А потом трясти начала, кнопки и так и сяк нажимала, стучала по груди — не заводится и все тут! Делать нечего, надо опять в Козий переулок ехать.
Сурово ее Иван Николаевич встретил:
— Вы, — говорит, — гражданка, виноваты.
— А что я виновата? — кричала Зоя. — Что я не так делала? Сами говорили — можно личную жизнь иметь!
— Вы, гражданка, проявили преступную халатность, и за это мы вас накажем, сто рублей из зарплаты вычтем.
Зоя в плач. А он ей:
— И не просите, и не молите, а не согласны — совсем заберем.
Пришлось Зое согласиться. Но, конечно, пошла она к Васе, чтоб душу отвести, сказать ему, кто он есть. А Вася дверь не открыл.
Пришли через три дня ремонтники с Иваном Николаевичем и Никифора починили, однако предупредили, что стал он теперь одноразового пользования. Двигаться ему поменьше надо, так он дольше сохранится, потому что энергии в нем осталось только на два периода работы.
— А сколько это два периода? — допытывалась Зоя, мысленно соображая, на что двести рублей умножить.
— Смотря как работать будет, — уклончиво ответил Иван Николаевич, — так что смотрите, берегите свое счастье.
И Зоя стала Никифора беречь, уже за продуктами не посылала и под ручку гулять не водила. Но по большим праздникам в компанию вела. Тут уж обязательно надо мужа демонстрировать. Зоя боялась: опять, скажут, бросил, а не скажут, так заподозрят неладное.

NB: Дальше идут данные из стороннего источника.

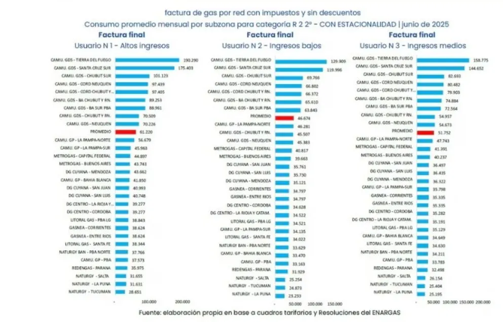 La factura promedio mensual de gas natural por redes para usuarios residenciales superó por primera vez los $50.000 a nivel nacional en junio de 2025, impulsada por los nuevos cuadros tarifarios sancionados ese mes, que actualizaron tanto el cargo fijo como el cargo variable. Los hogares de ingresos altos (usuarios N1) abonaron, en promedio, $61.220; los de ingresos medios (usuarios N3), $51.752; y los de ingresos bajos (usuarios N2), $46.674, según un informe publicados por el Observatorio de Tarifas y Subsidios IIEP (UBA - Conicet). De acuerdo a este estudio, San Juan se encuentra por debajo de la media nacional.
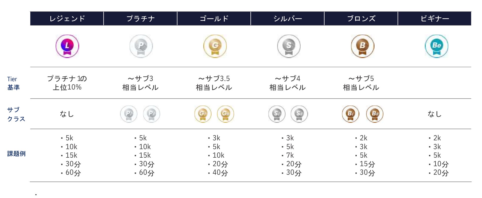 Run Crewではユーザーのみなさんを走力に応じてTierと呼ぶランク分けを行います。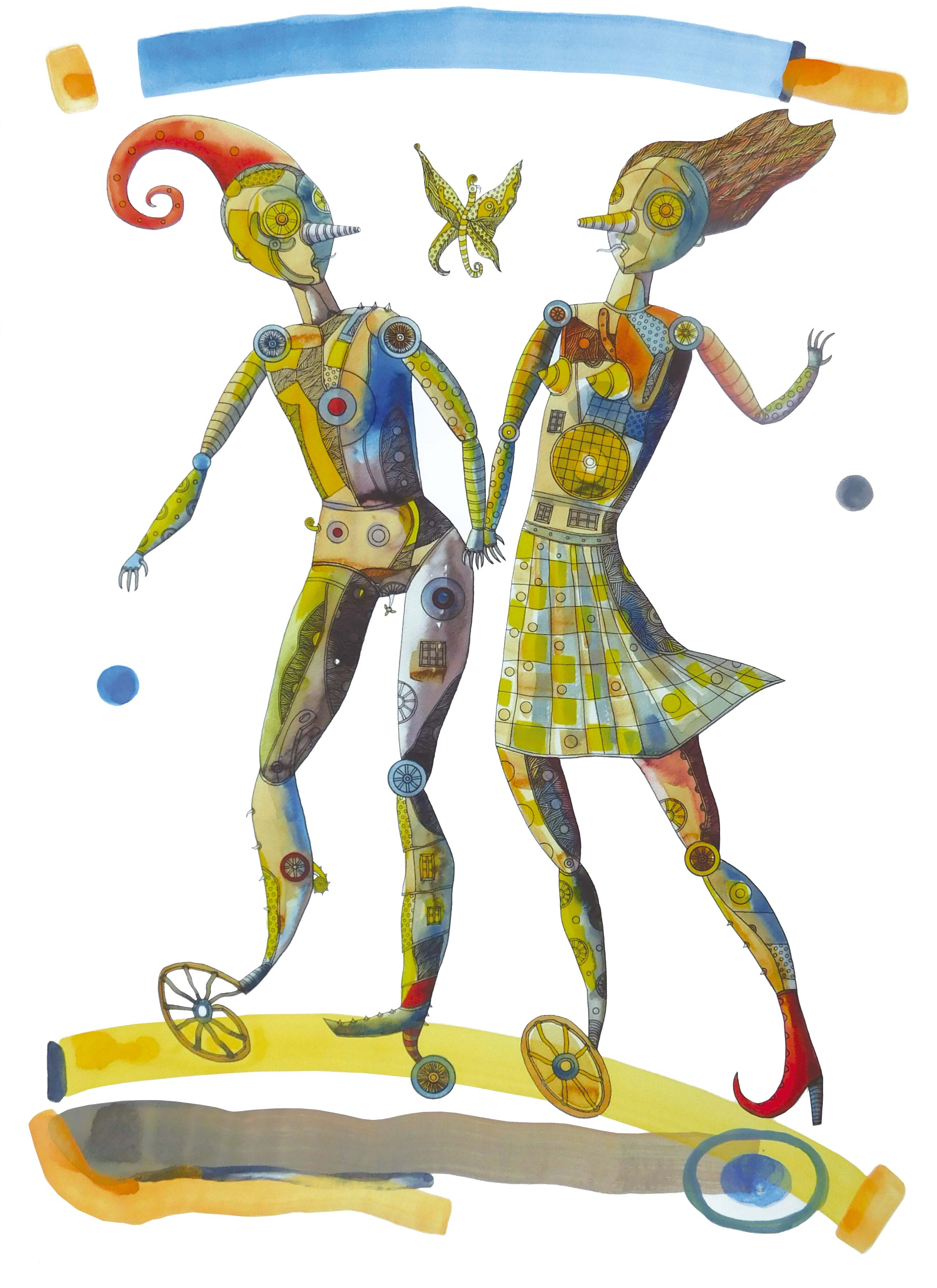 Abstract Human and Islamic pattern. Handmade Paper, dyes, rust, gold leaf. Dimensions with frame: 67.5 cm × 83 cm Production Year: 2019.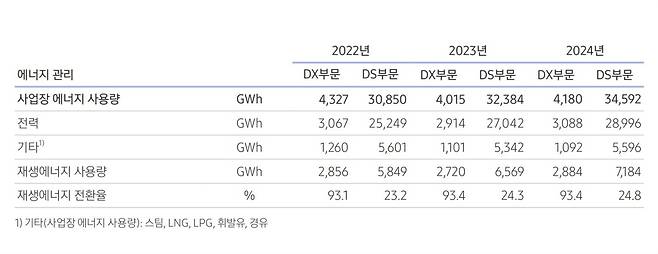 | ▲ 삼성전자의 재생에너지 전환율은 31%, 그중에서 반도체를 제조하는 DS부문은 24.8%(2024년)에 그칩니다. |

Прошел год, и стала она замечать, что Никифор как-то ходит медленно и говорит тоже медленно. Сильно огорчилась Зоя, поняла — конец близок, а всего-то она за этот год тысчонку на черный день скопила.
“Может, еще месяца три протянет?” — мечтала Зоя. Очень ей хотелось холодильник заменить на двухкамерный, но всегда в жизни бывает хуже, чем ожидаешь.
Два праздника подряд пошли: первый — годовщина Октября, а второй — у Лидки день рождения. Хоть и видела Зоя, что Никифор после годовщины еще неповоротливее стал, а к Лидке нельзя было не вести. Как же она без мужа? Сказать — заболел, не поверят, сплетни пойдут.
Зоя решила — надо показать, что между ними все ладно, в согласии живут, а потом сказать — помер скоропостижно, может, ей и справку дадут (это она;;а Ивана Николаевича надеялась). Насчет похорон она тоже придумала:
“Скажу, что в Москву лечить повезли, там и помер, там и похоронили. Съезжу туда, на похороны вроде, приеду — поминки устрою”.
Вот какой хитрый план придумала Зоя, но из этого плана ничего не вышло, а вышло совсем иначе.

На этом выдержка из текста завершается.